• **Information given**:
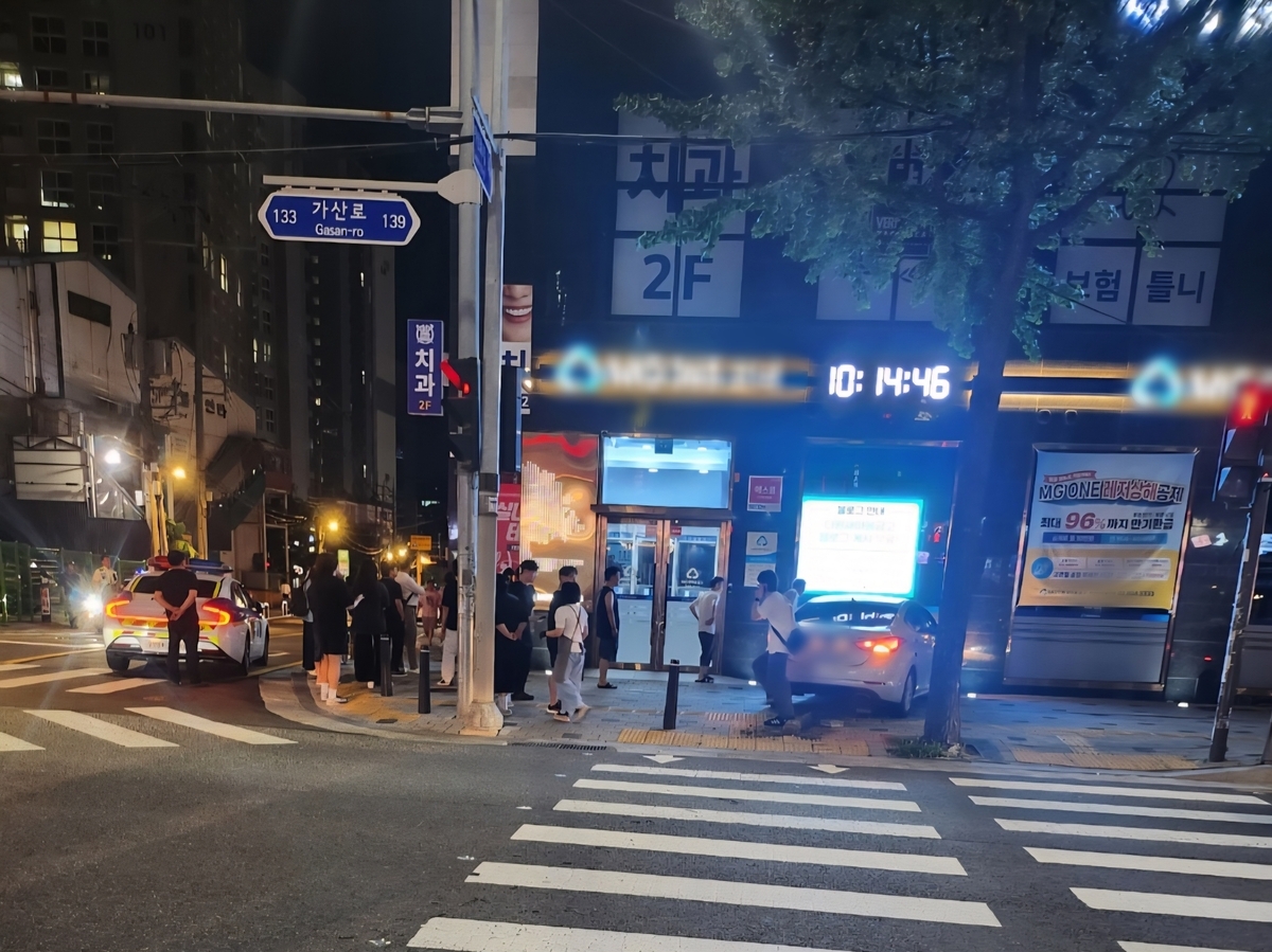 10일 밤 서울 금천구 가산동 거리에서 무면허 음주운전 차량이 인도를 들이받은 사고 현장에 경찰과 시민들이 모여 있다. 해당 차량 운전자는 20대 여성으로, '호기심에 운전했다'고 진술한 것으로 알려졌다. 사진=연합뉴스 |
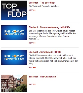Auch auf der RNF-Website wurden inzwischen einige Videos über Eberbach veröffentlicht (Link s.u., dort Klick auf "Videos zur Sendung"). RNF zählt die Klicks auf die Videos und erstellt aus dem Ergebnis eine Rangfolge der beteiligten Kommunen, die über weitere Punkte im Wettbewerb entscheidet.
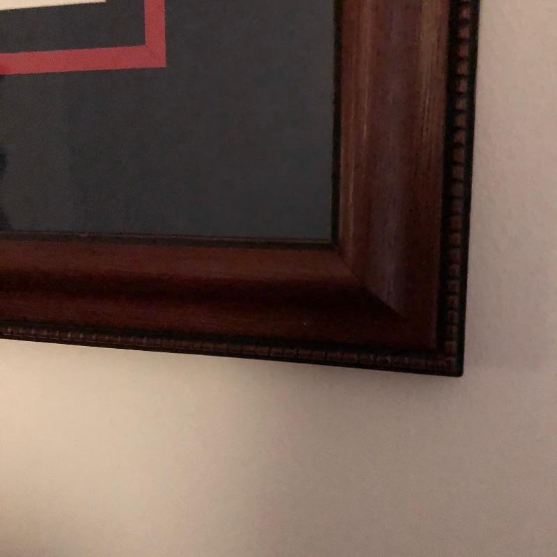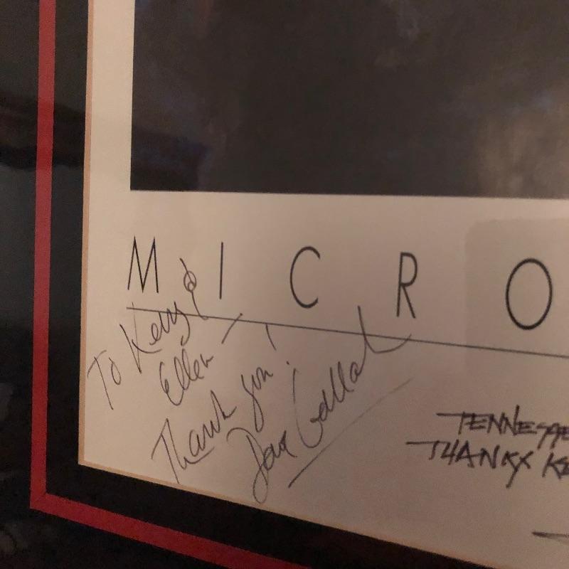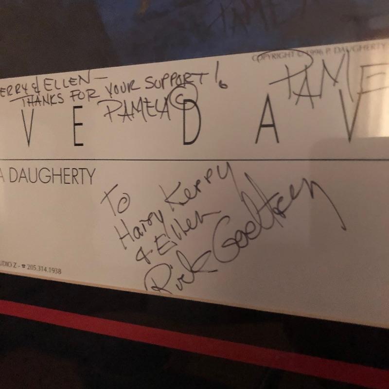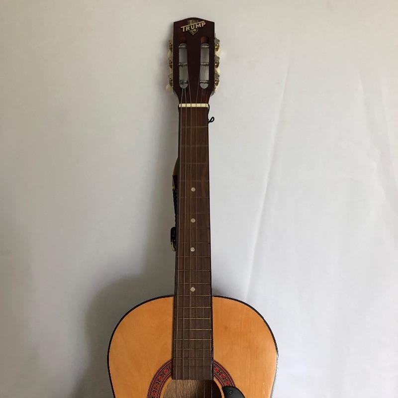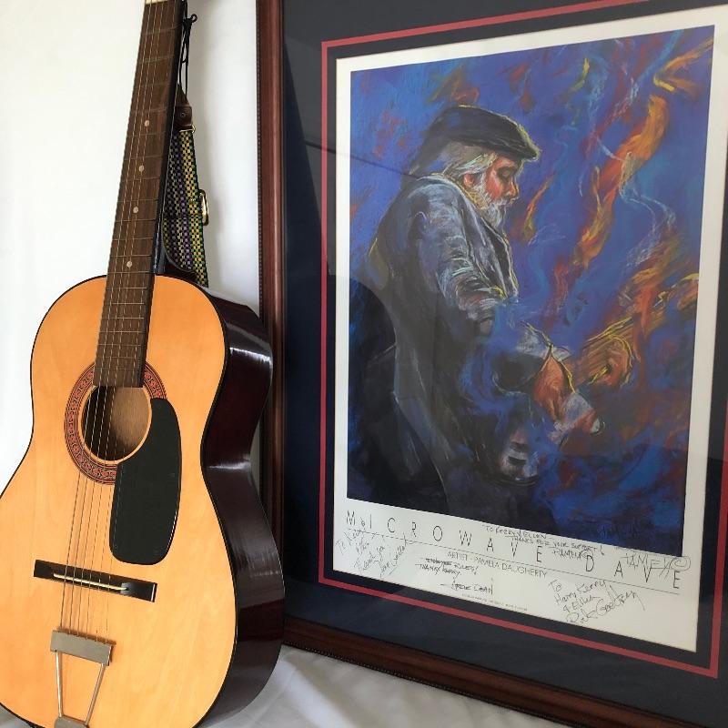This Trump acoustic guitar appears to be in excellent shape and comes with a carrying case, extra strings,capo,picks and a really nice woven strap. We have paired this piece with a signed print poster of Microwave Dave framed in a reddish wood color frame.
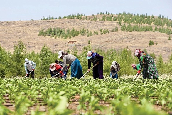 c) Tarla içi modern sulama sistemleri kullanılarak yapılan üretimler.
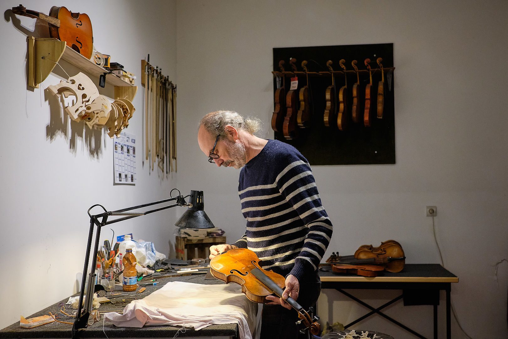 Haren lantegiko berinen gibeletik, katedralaren kalostrapeak lasaitasun goxoa hedatzen du. Irratiak jazz nota goxoak zabaltzen dituen bitartean, Marcelino Herradurak, lan mahaiaren gainean makurturik, kontrabaxu, biolontxelo, biolin eta biolen “hausturak” artatzen ditu, “hari igurtziko musika tresnen kirurgilari bat” bezala, berak dionez. Baionako arrabitagile bakarra da.
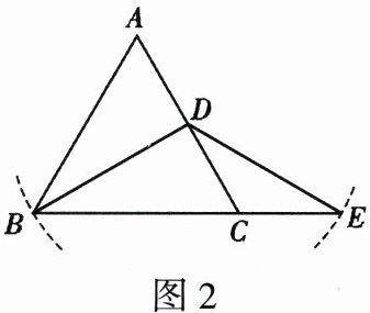 5. 如图 2,$BD$ 是等边 $\triangle ABC$ 的边 $AC$ 上的中线,以点 $D$ 为圆心、$DB$ 长为半径画弧交 $BC$ 的延长线于点 $E$,则 $\angle BDE$ 等于(

• **What the exercise asks**: Above are some records; extract exactly the lines from the one containing "This Trump acoustic" through the one containing "c) Tarla içi" and drop the pictures.

• **Output**:
This Trump acoustic guitar appears to be in excellent shape and comes with a carrying case, extra strings,capo,picks and a really nice woven strap. We have paired this piece with a signed print poster of Microwave Dave framed in a reddish wood color frame.
 c) Tarla içi modern sulama sistemleri kullanılarak yapılan üretimler.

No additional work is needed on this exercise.